Upon his return from service he completed his high school education in University Preparatory School, and received his law degree from National University Law School in Washington, D. C. He came to Des Moines to begin his law practice in 1923. Acquaintances with Des Moines men made in the army and law school influenced his decision to start law practice in Des Moines.

He was Commander of Argonne Post No. 60, American Legion, in 1935 during construction of the Argonne-Armory Building. He twice won the W. C. Rathke award for community service, a state Legion competition between the districts in the state.

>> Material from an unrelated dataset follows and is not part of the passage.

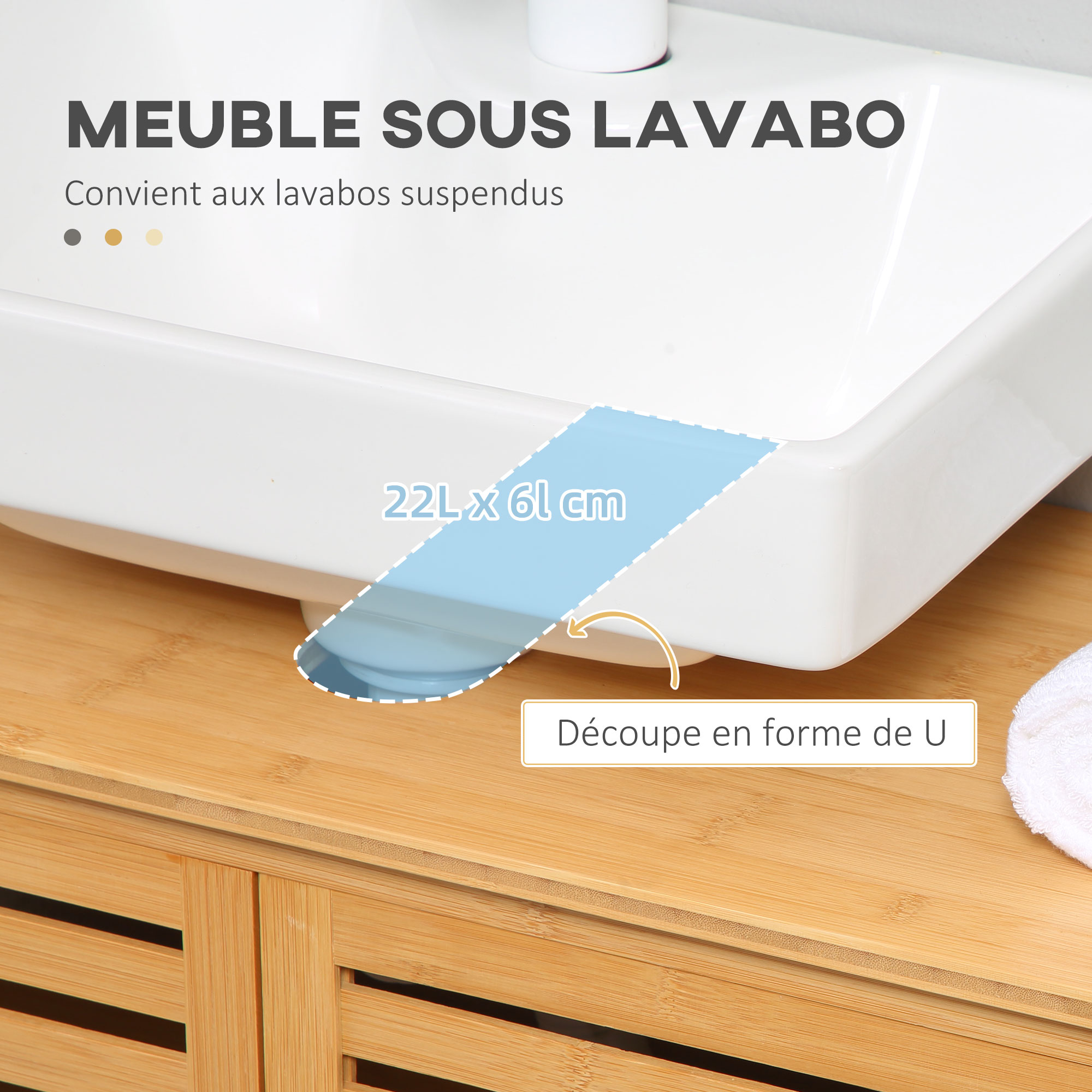 Meuble sous-vasque 2 portes à lattes - dim. 66L x 29l x 61,5H cm - bois de bambou verni

He was elected to the Senate in 1938, starting his service in 1939. In 1940 he sought the Republican nomination for Congress in what was then the sixth district. He was high in the five man primary race, 81 votes ahead of the late Representative Paul Cunningham, who won on the tenth ballot of the convention necessary because no candidate received the required thirty-five percent of the total vote.

Senator Faul enjoyed being in the Senate. He was a man with a wide range of concern over and a driving force in enactment of historic social welfare, veteran, fiscal and conservation legislation outside his work in law, insurance and banking. He initiated, jointly sponsored and eloquently supported many measures that had been slow in adoption. One of his proudest achievements was the aid to dependent children law in 1943. The bill came over from the House, and the Senate passed it without a dissenting vote.

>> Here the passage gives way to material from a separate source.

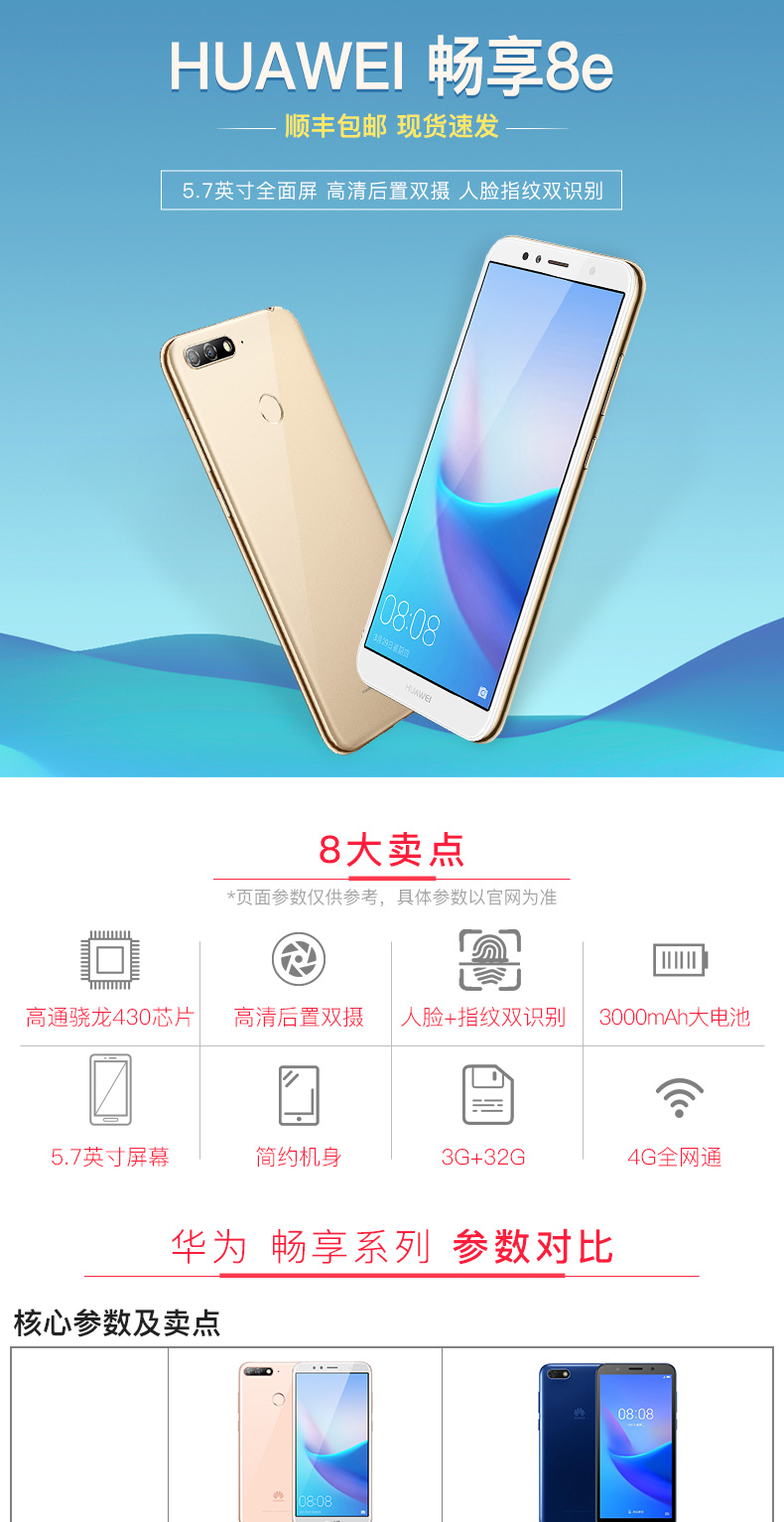 商品名称:435元起Huawei/华为 畅享8e 华为官方旗舰店官网正品手机荣耀畅玩畅享8e青春版学生直播学习上课做题手机

He was a legislative leader in enactment of the World War II $85,000,000 soldier bonus and in committing $50,000,000 of a treasury surplus to reduction of the bond issue.

He led the move to get the Liquor Control Commission to add ten percent to its liquor store prices and give half the additional revenue to cities and towns on a population basis and the other half to counties as a military service tax exemption credit.

Always articulate, he could be forceful in speech when irritated, as he was when a House bill to place in a single state general fund all balances in the revenue from sales, income and use taxes and the liquor control fund came up in the Senate. “There is no member of the Legislature,” he said, “who knows how much free money the state has in its treasury. I have seen all the statements estimating money on hand and money in sight, and still am unable to determine for myself what we have to spend.”

One of the last things he did in the Senate, in 1949 when he knew he wouldn’t run again, was to urge the Senate to pass the House bill increasing the session compensation of 1951 legislators from $1,000 to $2,000. The $1,000 session compensation had not been increased since 1913. The 1957 Legislature increased it to $30 per day.

Senator Faul won many dedicated, sincere and warm friends in his political and community life. A notable Senate friendship was that of Senator Faul and Senator John P. Berg of Cedar Falls. Their common interest in so many things led them to joint introduction of so many bills that casual visitors to the chamber frequently expressed curiosity about the identity of “Senator Faulanberg”.

His law practice in Des Moines spanned 40 years. He was made Special Counsel for American Mutual Life Insurance Company in 1940. That was the year his nephew, Henry F. Grant, received his law degree from the State University of Iowa and became his uncle’s partner in the law firm of Faul and Grant.

Faul was made a Director and General Counsel for America Mutual Life Insurance Company in 1941, and was elected Vice President in 1942.

He was married to Helen Flack Young of Des Moines in December, 1942.

Now, Therefore, Be It Resolved by the Senate of the Sixty-first General Assembly of Iowa: That in the passing of the Honorable George M. Faul, the State of Iowa has lost a valued and honored citizen, and by this resolution attests its respect for and admiration of him and tenders its sincere sympathy to his family.

Be It Further Resolved: That a copy of this resolution be spread upon the Journal of the Senate and the Secretary be directed to send an enrolled copy to the members of his family.

LEO ELTHON, Chairman,

GEORGE E. O’MALLEY,

HOWARD C. REPPERT, JR.,

Committee.

The resolution was unanimously adopted.